Zahide Nurdan AT ve Kübranur AKCENGİZ
ALMAYAYIM CANIM DİYETTEYİM
Kimi insanlar fazla kilolarının, sağlıksız beslenme alışkanlıklarının farkındadır fakat bir türlü harekete geçemezler. Peki bunun sebebi bilinçaltımız olabilir mi? Bazı yeme davranışlarının altında stres, endişe, suçluluk, kızgınlık gibi duygular yatabilir.
Pazartesi başlanmayı bekleyen diyet listeleri, internetten bulunan tarifler, bir türlü sonu gelmeyen diyet süreçleri, tartı korkusu… Oysa yemek yemek oldukça keyiflidir. Düğünlerde, bayramlarda, doğum günlerinde en özel anlarımız adeta yemekle bütünleşmiştir.
Yemek en temel ihtiyaçlarımızdandır. Atalarımızdan bu zamana kadar insanoğlunun en büyük korkularından biri ‘aç kalmak’tır. Maalesef yapılan yanlış uygulamalar sonucu artık bilinçaltımızda ‘’diyet’’ , ‘’rejim’’ kelimeleri kıtlığı anımsatır ve mümkün olduğunca kaçarız. Sürdürülebilir sağlıklı bir beslenme için bilinçaltımızı temizlemek zorundayız.

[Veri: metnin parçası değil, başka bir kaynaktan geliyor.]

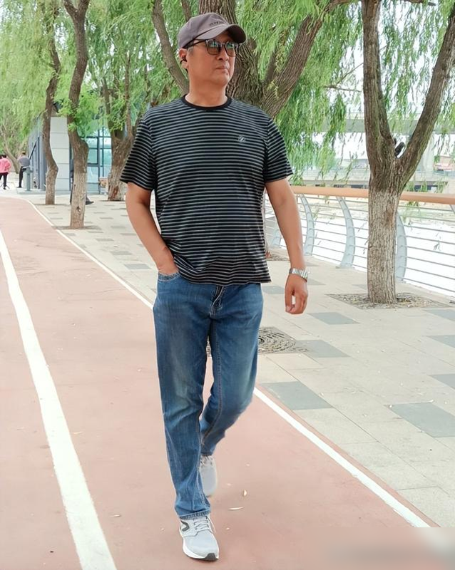 扔掉老气款式,换成小圆领纯色重磅棉T、九分微锥休闲裤(裤长露出脚踝最显利落);外套选牛仔衬衫或轻便夹克,袖子随意卷到手肘,松弛感一下就有了。
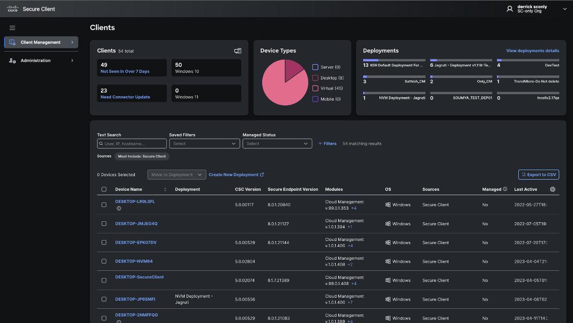 With the SecureX End of Life (EoL) quickly approaching on July 31, 2024, we want to ensure you have accurate information on how you will be able to continue accessing Cisco Secure Client Cloud Management capabilities. Client Management capabilities are not going away as part of the SecureX EOL, the functionality is simply migrating to the Cisco Security Cloud Control service.
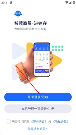 1、打開智慧商貿(mào)進(jìn)銷存,點擊賬號登錄/注冊按鈕。
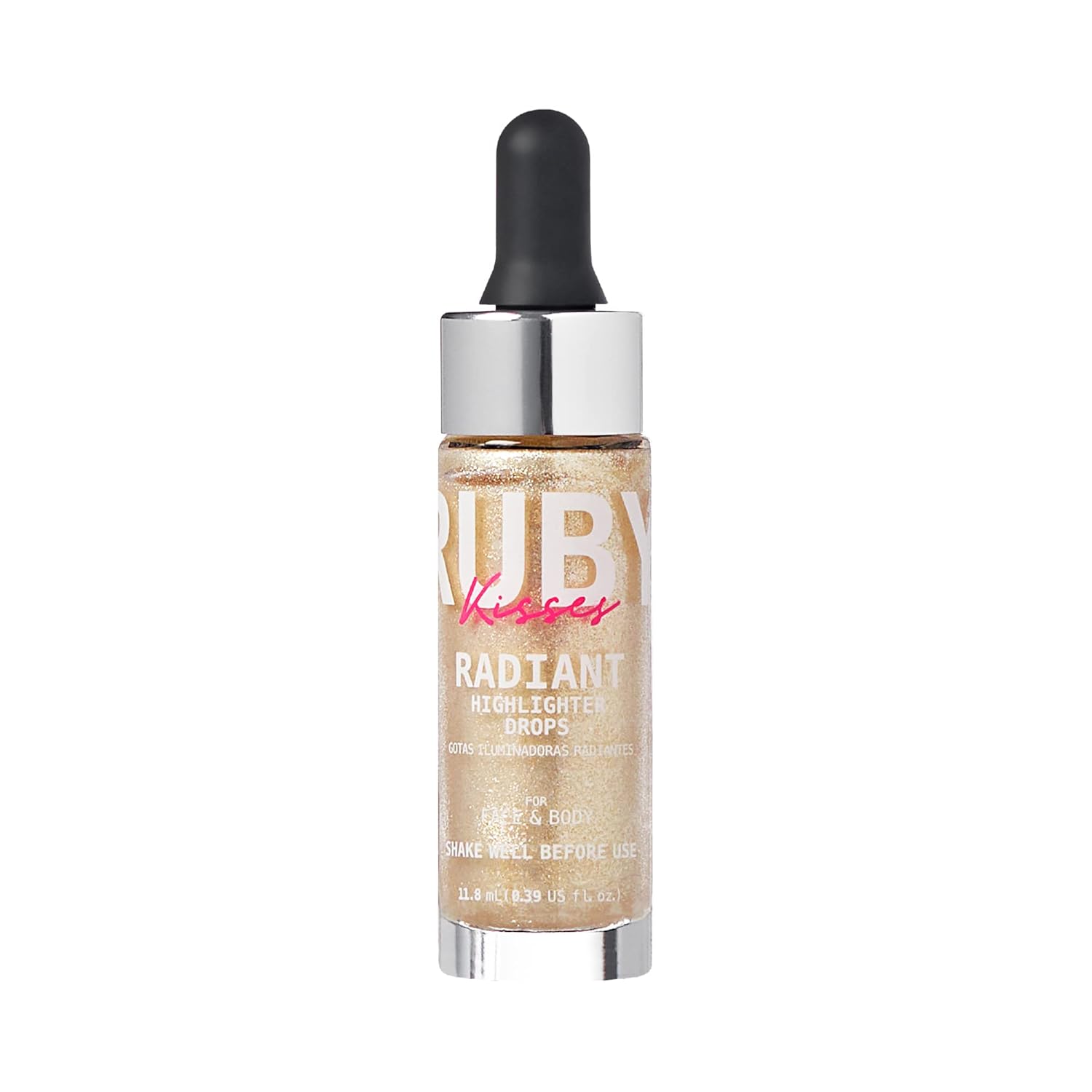 Ruby Kisses Radiant Drops, Shimmer Liquid Highlighter Makeup, Smooth Illuminator for Face Body, Natural Glow Dewiness Glitter for Skin (CHAMPANGE)

Ya da yanlış beslenme ve davranışlarının kökenine inmek zorundayız.
İlk adım olarak ‘’diyetteyim’’ cümlesi sizde olumsuzluklarla kodlanmışsa bunun yerine ‘’sağlıklı beslenme alışkanlığı kazanma sürecindeyim’’ diyebilirsiniz.
Kendinize şu soruları sorun:
Kendimi, bedenimi seviyor muyum?
Kendimi değerli ve yeterli hissediyor muyum?
Öfkeli miyim?
En çok hangi zamanlarda aşırı yemeye yöneliyorum?
Ne için yemek yiyorum?
Gerçekten aç mıyım? Yoksa hangi duygumu bastırmak için yiyorum?

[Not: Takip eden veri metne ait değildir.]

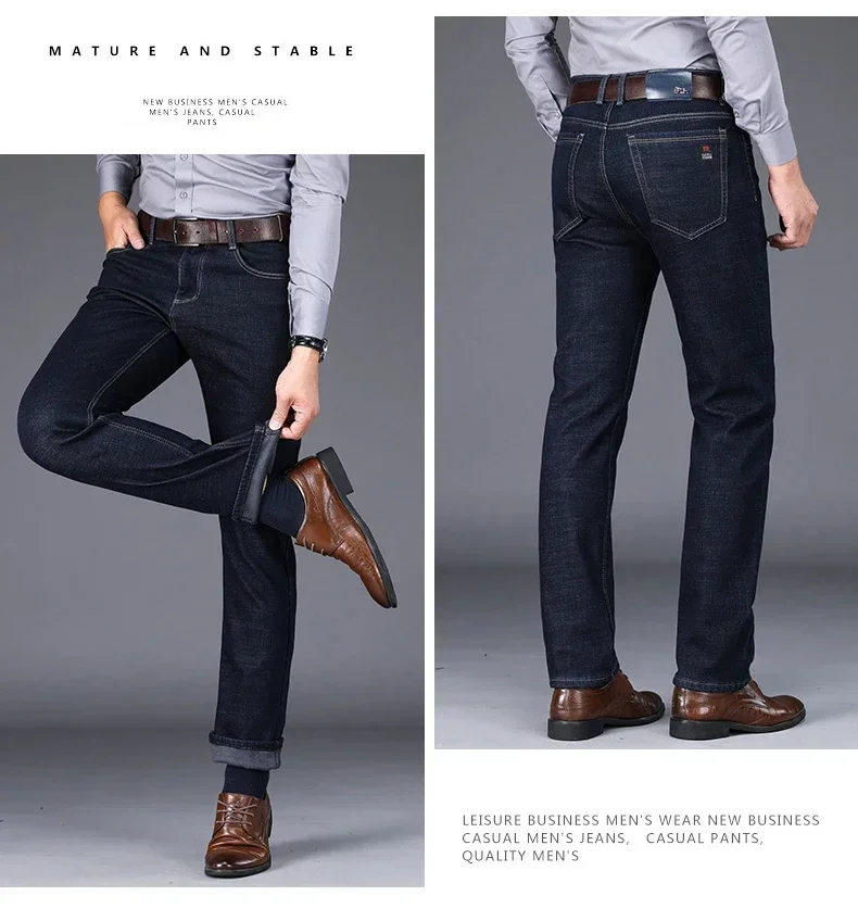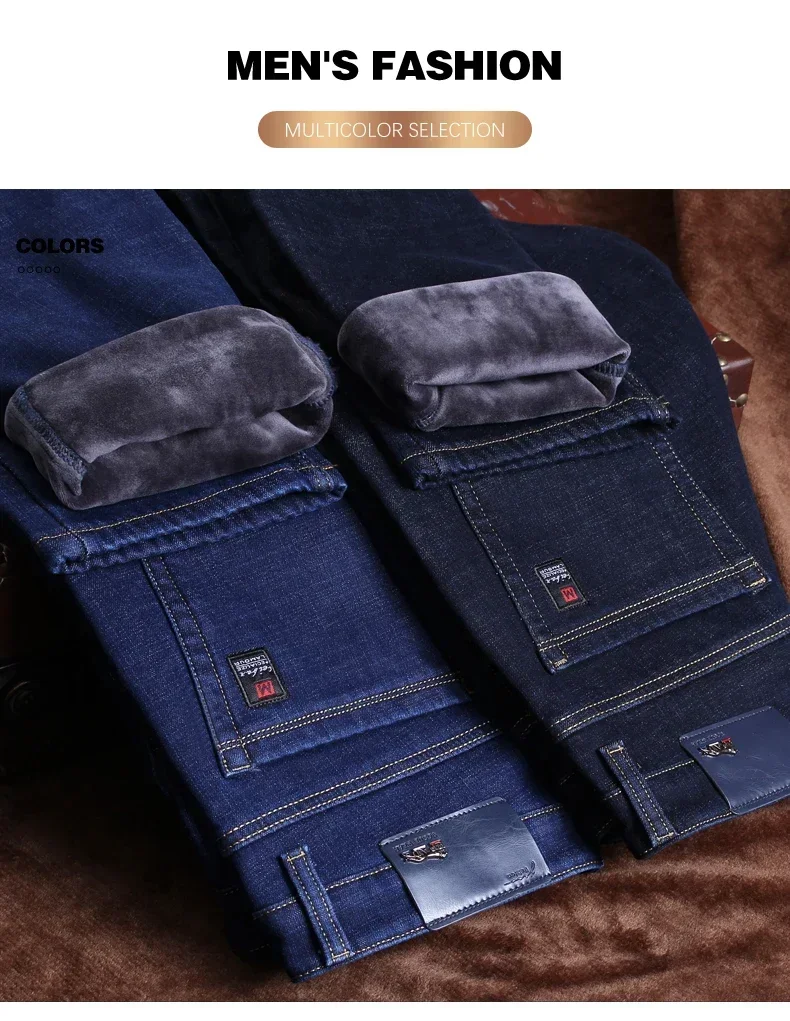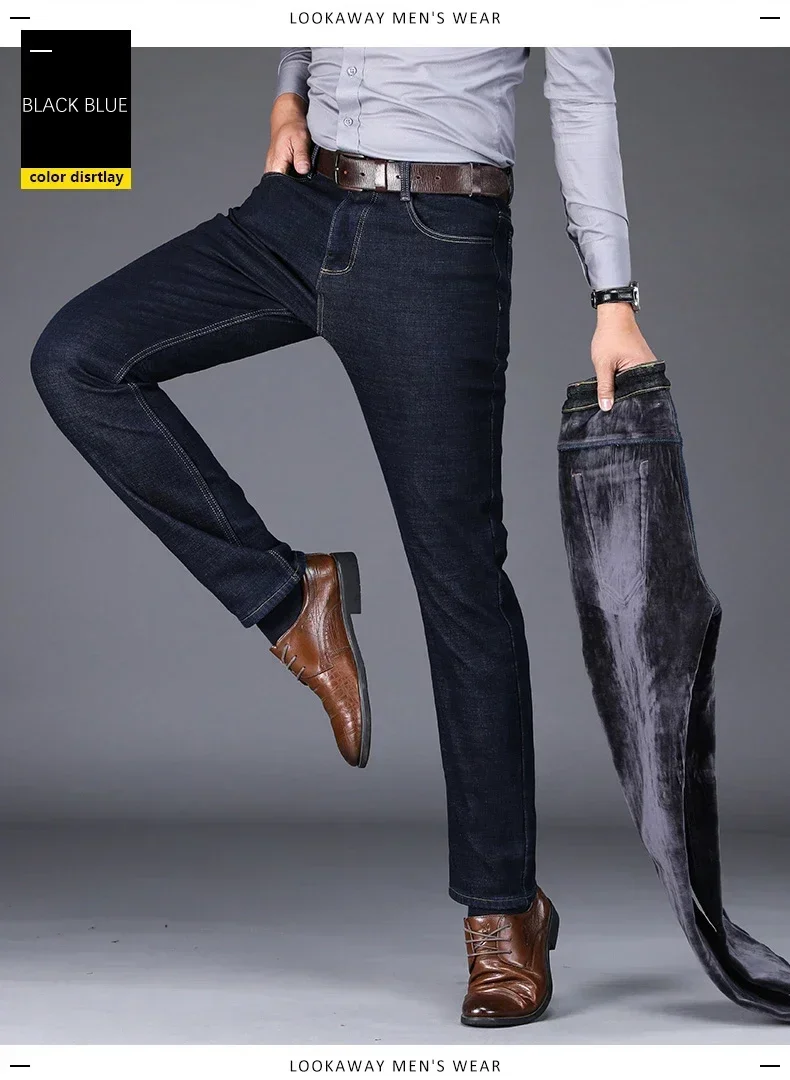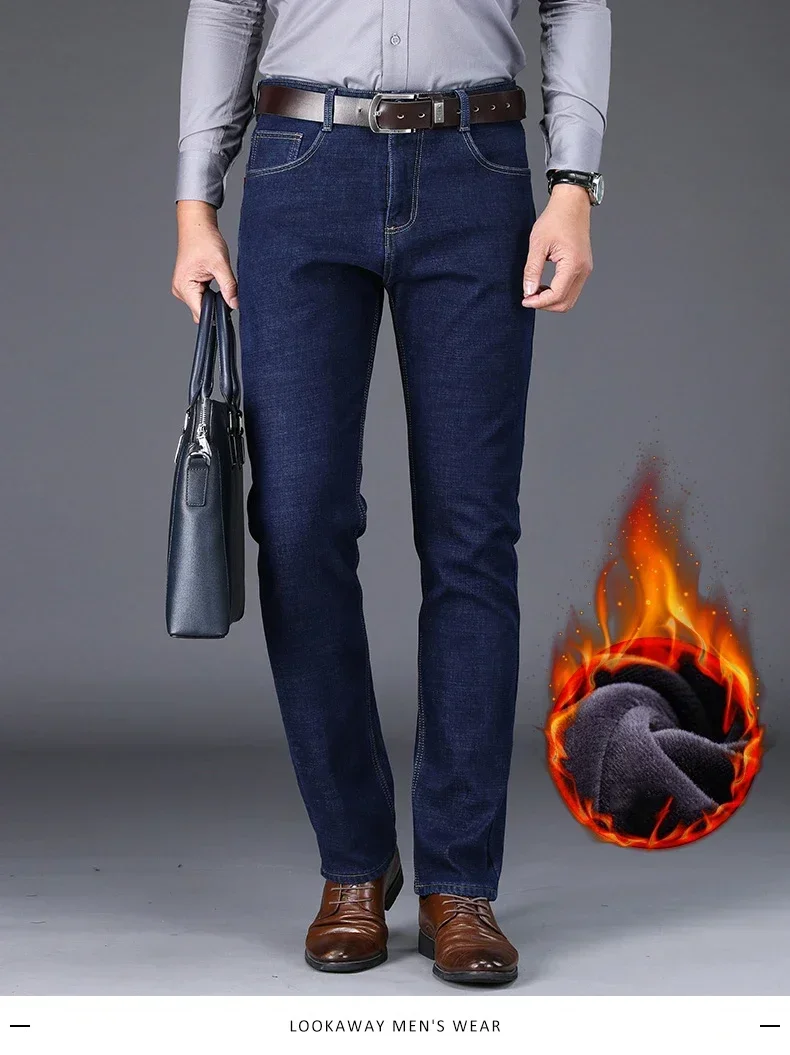 New Men's Fleece Warm Jeans Winter Thicken Plush Velvet Business Office Denim Trousers Brand Clothing Stretch Casual Male Pants

Lütfen bu soruların cevaplarını arayın, kendinizi tanıyın, ne istediğinizi düşünün. Eğer diyeti, her pazartesi başlanıp sonra bir çikolata ile bozulan, 5 kilo verip fazlasıyla geri alınan, düğüne kadar yaz tatiline kadar çabalanan, çaylar, detokslarla dolu bir süreç olarak görüyorsanız diyeti acilen bırakın. Sağlıklı beslenmek sizi bedenen, ruhen iyi hissettiren, iradenizi güçlendiren bir yaşam biçimidir. Sağlıklı beslenmek, yaşam tarzınızı değiştirmek için bir adım atın ve bunun zamanla kazanılacağını unutmayın.